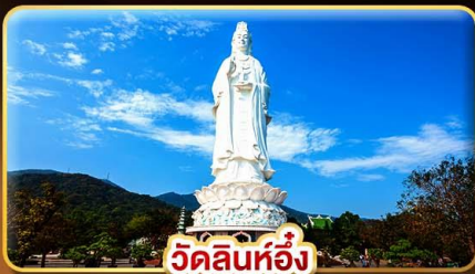
วัดลินห์ฮิ่ง
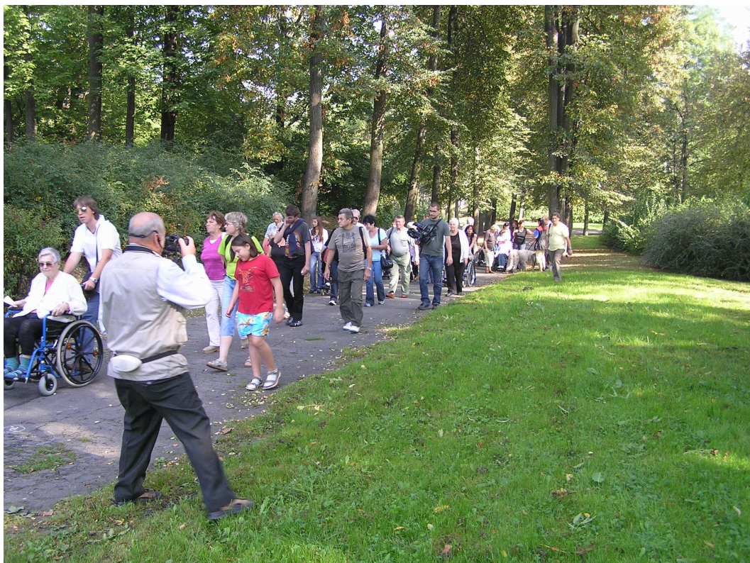
Díky finanční podpoře Nadace OKD jsme prožili krásné odpoledne spojené s procházkou starou Orlovou.
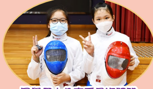
同學們十分享受是次體驗

- WHAT THE TASK ASKS
Transcribe the listing exactly; omit all images.

- COMPLETED EXERCISE
วัดลินห์ฮิ่ง
Díky finanční podpoře Nadace OKD jsme prožili krásné odpoledne spojené s procházkou starou Orlovou.
同學們十分享受是次體驗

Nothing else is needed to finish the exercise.